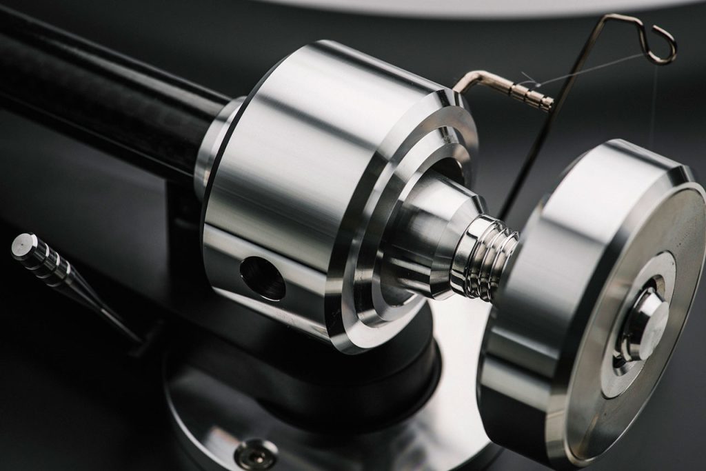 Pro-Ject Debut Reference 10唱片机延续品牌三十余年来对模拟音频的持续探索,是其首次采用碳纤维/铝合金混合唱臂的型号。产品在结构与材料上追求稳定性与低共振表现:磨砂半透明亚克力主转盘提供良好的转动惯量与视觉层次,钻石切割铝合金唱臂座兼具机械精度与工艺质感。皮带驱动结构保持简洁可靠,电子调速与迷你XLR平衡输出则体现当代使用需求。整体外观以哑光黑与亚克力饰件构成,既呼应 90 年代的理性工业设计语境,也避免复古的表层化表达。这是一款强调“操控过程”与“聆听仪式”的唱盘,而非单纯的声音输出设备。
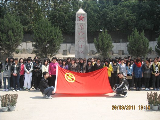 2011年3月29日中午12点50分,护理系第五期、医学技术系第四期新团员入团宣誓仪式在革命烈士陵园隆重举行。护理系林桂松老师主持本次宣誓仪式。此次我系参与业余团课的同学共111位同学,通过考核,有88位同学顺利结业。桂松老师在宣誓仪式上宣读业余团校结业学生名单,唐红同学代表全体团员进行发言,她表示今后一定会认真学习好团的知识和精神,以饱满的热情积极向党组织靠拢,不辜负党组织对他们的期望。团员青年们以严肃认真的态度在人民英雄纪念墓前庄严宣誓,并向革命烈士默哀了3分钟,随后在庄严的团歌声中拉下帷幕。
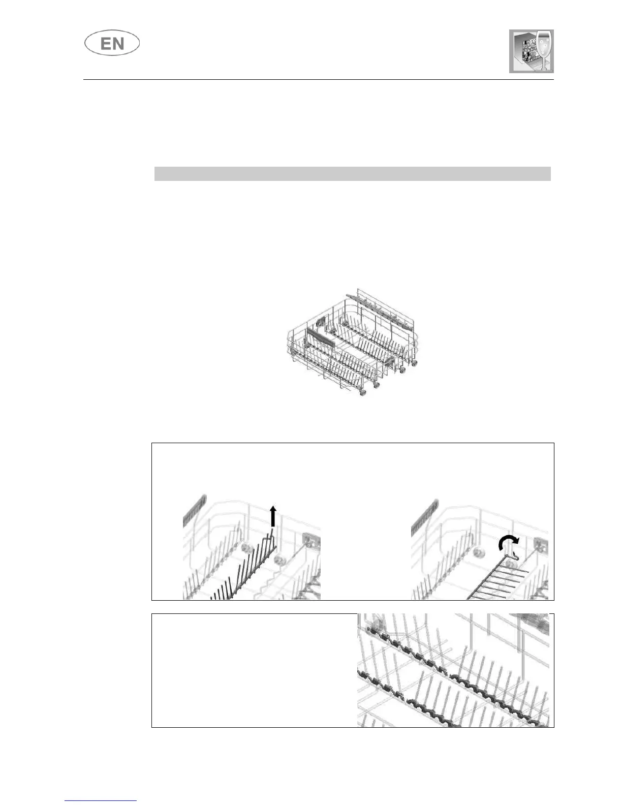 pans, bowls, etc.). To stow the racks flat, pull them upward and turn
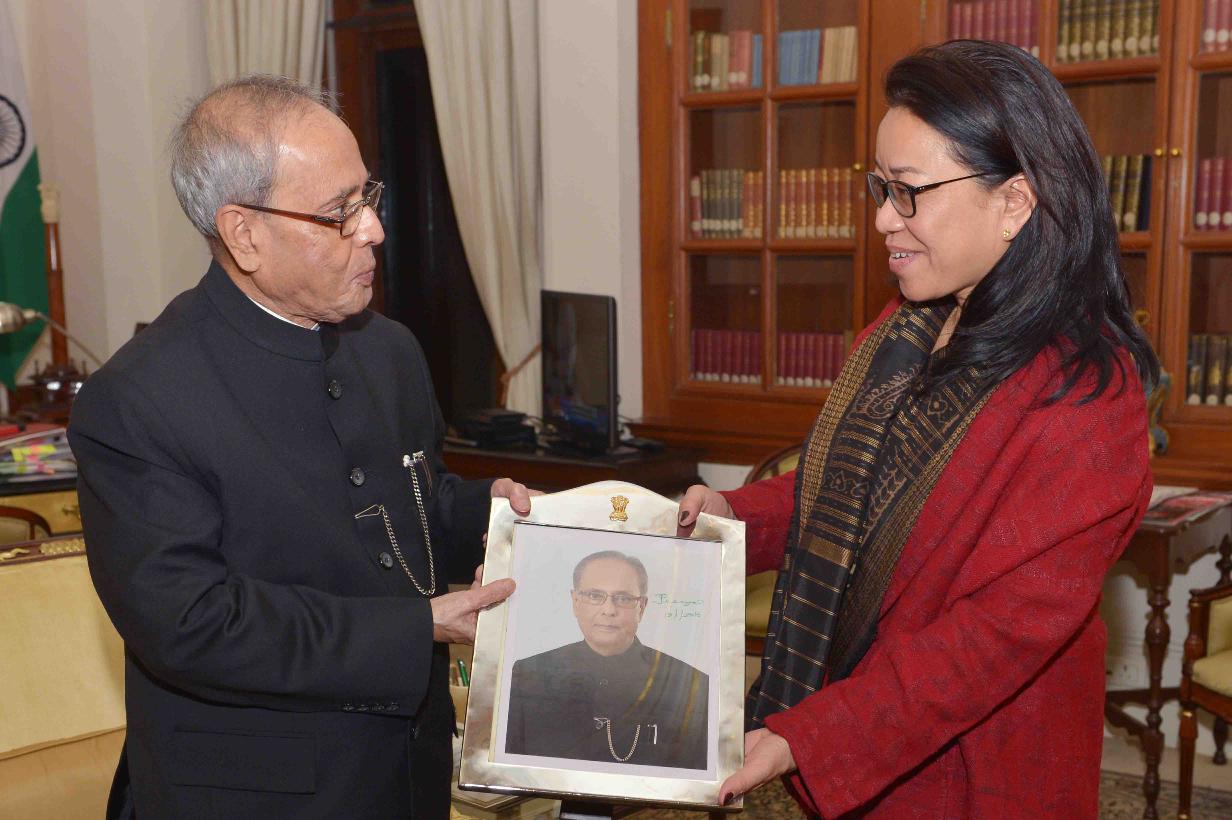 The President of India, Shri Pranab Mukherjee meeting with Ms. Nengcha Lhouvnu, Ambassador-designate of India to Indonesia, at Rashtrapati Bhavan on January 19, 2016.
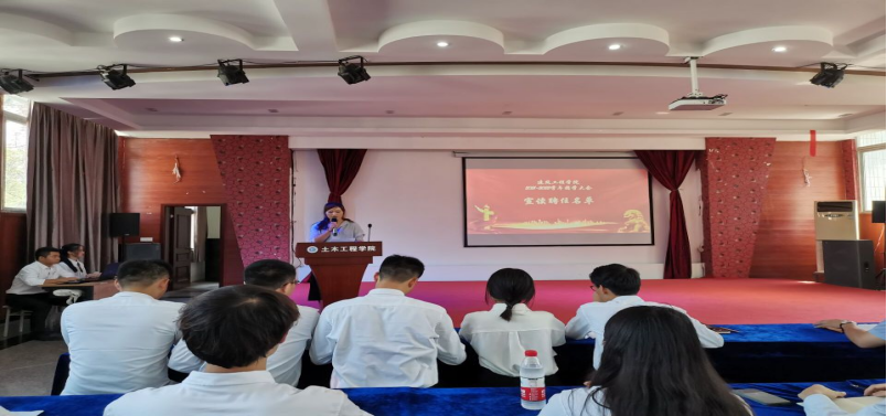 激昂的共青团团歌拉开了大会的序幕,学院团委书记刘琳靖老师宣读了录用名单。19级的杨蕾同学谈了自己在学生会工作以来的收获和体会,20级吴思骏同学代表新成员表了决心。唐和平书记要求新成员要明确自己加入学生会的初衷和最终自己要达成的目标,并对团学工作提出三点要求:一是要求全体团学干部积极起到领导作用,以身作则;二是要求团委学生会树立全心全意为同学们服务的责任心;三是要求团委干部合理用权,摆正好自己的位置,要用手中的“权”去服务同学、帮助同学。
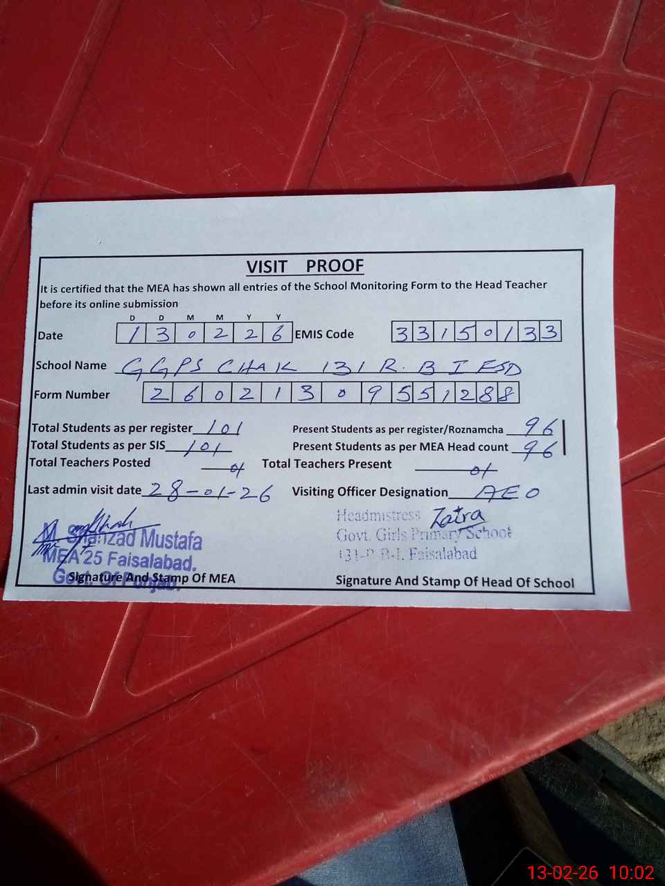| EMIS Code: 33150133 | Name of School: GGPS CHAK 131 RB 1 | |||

________________________________________

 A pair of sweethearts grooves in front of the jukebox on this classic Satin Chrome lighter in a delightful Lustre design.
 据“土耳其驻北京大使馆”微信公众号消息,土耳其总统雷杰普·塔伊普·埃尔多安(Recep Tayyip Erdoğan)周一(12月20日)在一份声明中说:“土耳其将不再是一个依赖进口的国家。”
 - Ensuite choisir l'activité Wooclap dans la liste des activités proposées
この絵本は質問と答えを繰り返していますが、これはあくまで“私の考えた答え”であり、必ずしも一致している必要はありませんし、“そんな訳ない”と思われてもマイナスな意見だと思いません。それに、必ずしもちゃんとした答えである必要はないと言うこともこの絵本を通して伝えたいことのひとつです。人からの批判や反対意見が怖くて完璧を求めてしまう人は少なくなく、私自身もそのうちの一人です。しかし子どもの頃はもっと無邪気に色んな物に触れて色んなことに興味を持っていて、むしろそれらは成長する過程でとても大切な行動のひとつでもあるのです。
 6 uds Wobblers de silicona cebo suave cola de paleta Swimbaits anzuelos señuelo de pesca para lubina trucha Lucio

________________________________________

**Assignment**
Working from the data above, repeat exactly, and only, the lines that begin at the line containing "Pro-Ject Debut Reference" and stop after the line containing "131 RB 1 | |||"; pictures are not copied.

**Task solution**
 Pro-Ject Debut Reference 10唱片机延续品牌三十余年来对模拟音频的持续探索,是其首次采用碳纤维/铝合金混合唱臂的型号。产品在结构与材料上追求稳定性与低共振表现:磨砂半透明亚克力主转盘提供良好的转动惯量与视觉层次,钻石切割铝合金唱臂座兼具机械精度与工艺质感。皮带驱动结构保持简洁可靠,电子调速与迷你XLR平衡输出则体现当代使用需求。整体外观以哑光黑与亚克力饰件构成,既呼应 90 年代的理性工业设计语境,也避免复古的表层化表达。这是一款强调“操控过程”与“聆听仪式”的唱盘,而非单纯的声音输出设备。
 2011年3月29日中午12点50分,护理系第五期、医学技术系第四期新团员入团宣誓仪式在革命烈士陵园隆重举行。护理系林桂松老师主持本次宣誓仪式。此次我系参与业余团课的同学共111位同学,通过考核,有88位同学顺利结业。桂松老师在宣誓仪式上宣读业余团校结业学生名单,唐红同学代表全体团员进行发言,她表示今后一定会认真学习好团的知识和精神,以饱满的热情积极向党组织靠拢,不辜负党组织对他们的期望。团员青年们以严肃认真的态度在人民英雄纪念墓前庄严宣誓,并向革命烈士默哀了3分钟,随后在庄严的团歌声中拉下帷幕。
 pans, bowls, etc.). To stow the racks flat, pull them upward and turn
 The President of India, Shri Pranab Mukherjee meeting with Ms. Nengcha Lhouvnu, Ambassador-designate of India to Indonesia, at Rashtrapati Bhavan on January 19, 2016.
 激昂的共青团团歌拉开了大会的序幕,学院团委书记刘琳靖老师宣读了录用名单。19级的杨蕾同学谈了自己在学生会工作以来的收获和体会,20级吴思骏同学代表新成员表了决心。唐和平书记要求新成员要明确自己加入学生会的初衷和最终自己要达成的目标,并对团学工作提出三点要求:一是要求全体团学干部积极起到领导作用,以身作则;二是要求团委学生会树立全心全意为同学们服务的责任心;三是要求团委干部合理用权,摆正好自己的位置,要用手中的“权”去服务同学、帮助同学。
| EMIS Code: 33150133 | Name of School: GGPS CHAK 131 RB 1 | |||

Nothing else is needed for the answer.